SDS - The most detailed way to model the branches. Features: highest memory consumption, accurate UV support, possibility to apply displacement mapping etc.
Activation: The age when this branch type becomes active. Inactive branches do not grow. The first active sibling branch defines the growth parameters for a new branch.
Deactivation: The end of active growth period.
Tail Cut Age: Cuts the branch tail after the given number of years.
Sub Count: The number of sub branches, which start growing from a branching point.
Rnd Count: Randomizes the count. Value 1.0 selects a random number from the interval 0 .. Sub Count.
Sub Thickness: The relative thickness of a branch vs. its parent.
Rnd Thickness: Randomizes the relative thickness value.
Thickness/Age: Changes the relative thickness by the age when branching happens. If the value is high, the relative thickness of oldest branches is smallest. For example, a spruce has a thick trunk. Even the strongest main branches are thin compared to the trunk. However, the trunk gets thinner towards the top, and the upmost branches are quite as thick as the trunk from which they grow.
Density: Defines how densely the growth parameters are evaluated and new geometry added to the tree. The smaller the value, the stronger bends branches can make because of gravity and other deformation factors. The drawback is that densely evaluated geometry consumes more memory.
Length: Defines the growth speed of the branch. The value is relative to the length of the parent branch: if Length equals 1, the sub branch grows the same length per year as its parent branch.
Rnd Length: Random variation in the length. A value 0.5 changes the length -50% .... +50 % randomly.
Length By Age: Defines how much shorter/longer the branch segments get every year. The value is multiplies the length, meaning that the factor 1.0 keeps the length the same. Many plants first grow rapidly higher to reach the light from the shadow of bigger plants. When they reach a sufficient amount of light, they target their growth energy to spread branches sideways.
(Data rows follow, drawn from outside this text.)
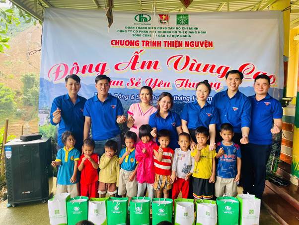Cũng tại xã Thanh Bồng, Đoàn viên thanh niên Công ty đã tới thăm và tặng quà Lớp Trà Xanh Trong, trường Mầm non Trà Lâm, xã Thanh Bồng, tỉnh Quảng Ngãi. Người dân xã Thanh Bồng chủ yếu là dân tộc Cor, canh tác nông nghiệp để sinh sống. Đây là điểm trường có tỷ lệ hộ dân nghèo nhất của xã Thanh Bồng. Hiện nay, Lớp Trà Xanh Trong có 32 học sinh đang học tập. Đây cũng là điểm trường còn thiếu thốn rất nhiều đồ dùng học tập, chăn ấm và nhu yếu phẩm.
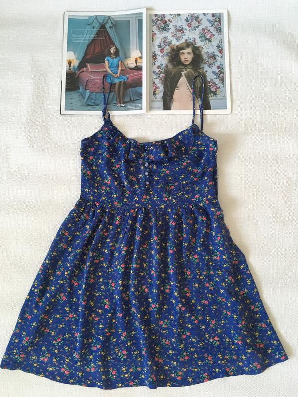 Лёккое платье из вискозы на тонких бретелях,актуальный цветочный принт;подойдёт на размер XS-S;пог-38,5см,пот-35см,длина изделия(перёд)-66,7см(без учёта бретелей),ДИ(спинка)-55,3см!бретели регулируются
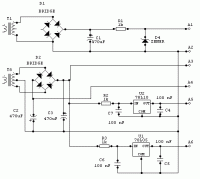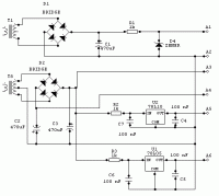 bei den geringen Strömen kannst Du statt der Reglerbausteine nur mit je einer Zehnerdiode stabilisieren. Sparst Dir dann die Beschaltungen der Regler mit den Kondensatoren und evtl. je einer Rücklaufdiode!
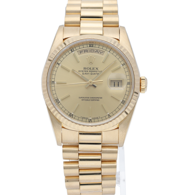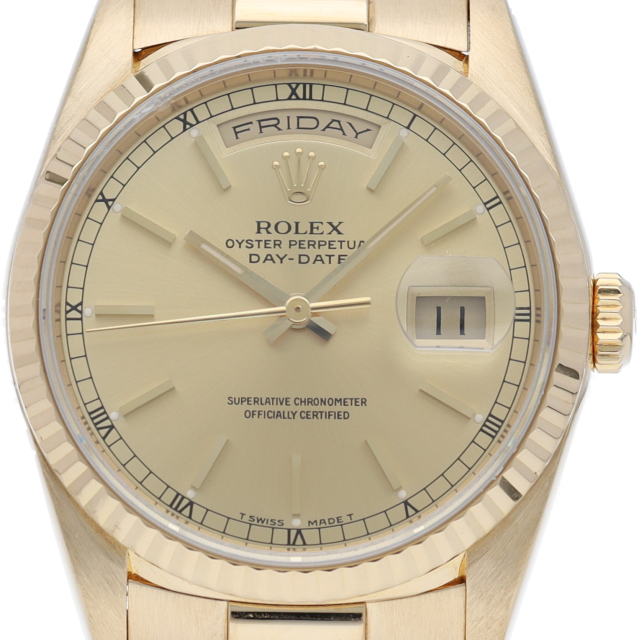 ロレックスのドレスウォッチの最高峰「デイデイト」。イエローゴールドを贅沢に使用した高級感溢れるステータスウォッチです。
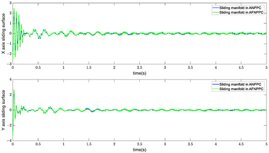 Sliding manifolds and control forces of ANPPC and AFNPPC in the X and Y axes are presented in Figure 10 and Figure 11. It can be found from Figure 10 that the sliding manifolds in both the X and Y axes can converge to 0, indicating that gyro error dynamics can be attracted to slide on the designed sliding manifold. Figure 11 shows the control forces of ANPPC and AFNPPC, and the control forces are quite smooth without severe chattering problems.
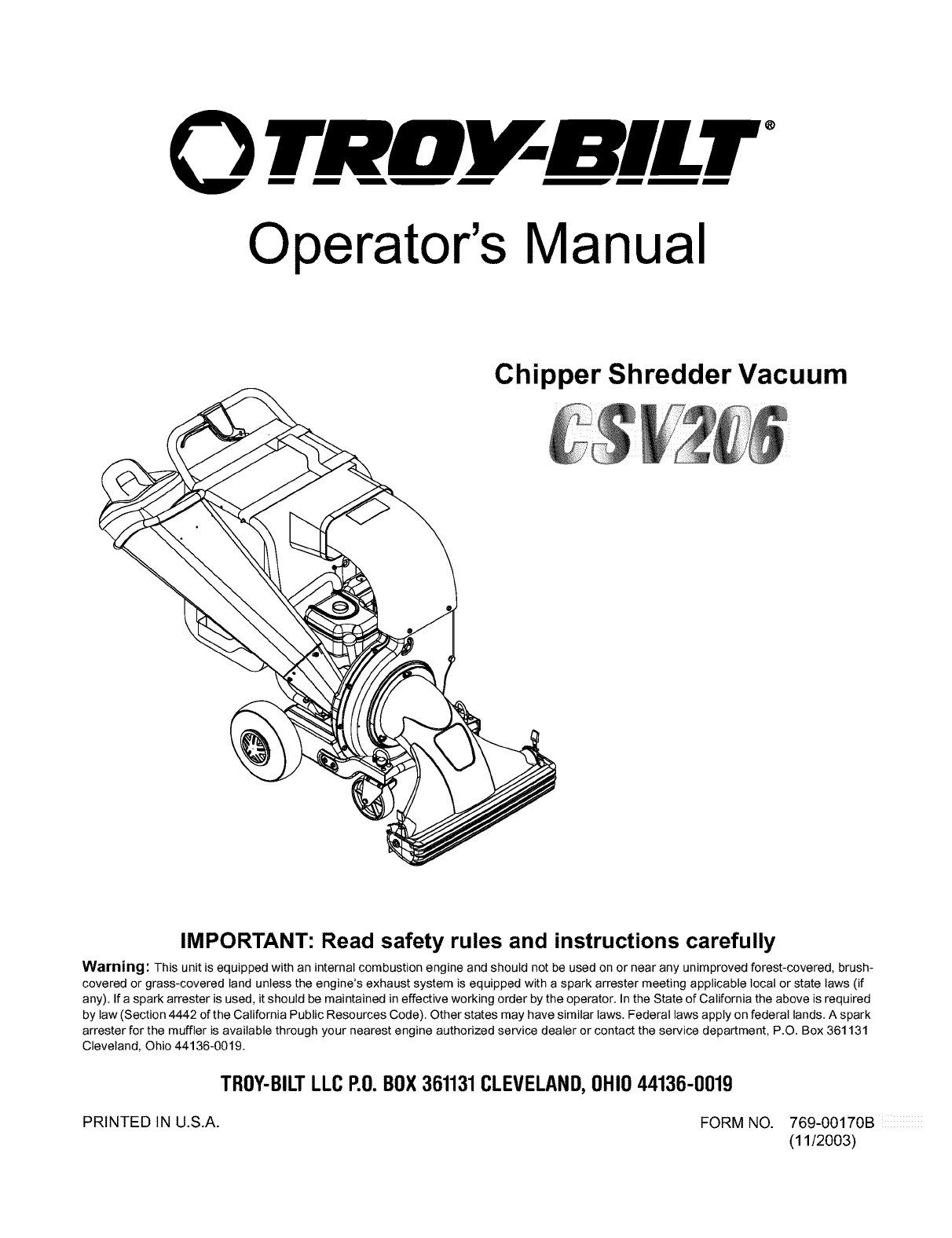 This Operator's Manual is an important part of your new chipper shredder vacuum. It will help you

Spread by Age: Changes the horizontal spread by the age when the branch started to grow. The actual spread parameter is the sum of the constant spread and the age dependent spread. If Horiz. Spread=0, Spread by Age=1.0, full horizontal spreading is achieved at the end of each branch. If Horizontal Spread is 1 and Spread by Age -1.0, spreading reduces towards the ends of branches.
These attributes define how the diameter of the branch changes towards it end point. You can define the profile using a constant tapering factor with some randomization, or using a profile curve, or as a combination of both controls, in which case the tapering factor is the product of the two controls.
Note: NURBS curves do not support pointwise attributes in the current program version. Branch diameter control is limited to the start and end points with this geometry type.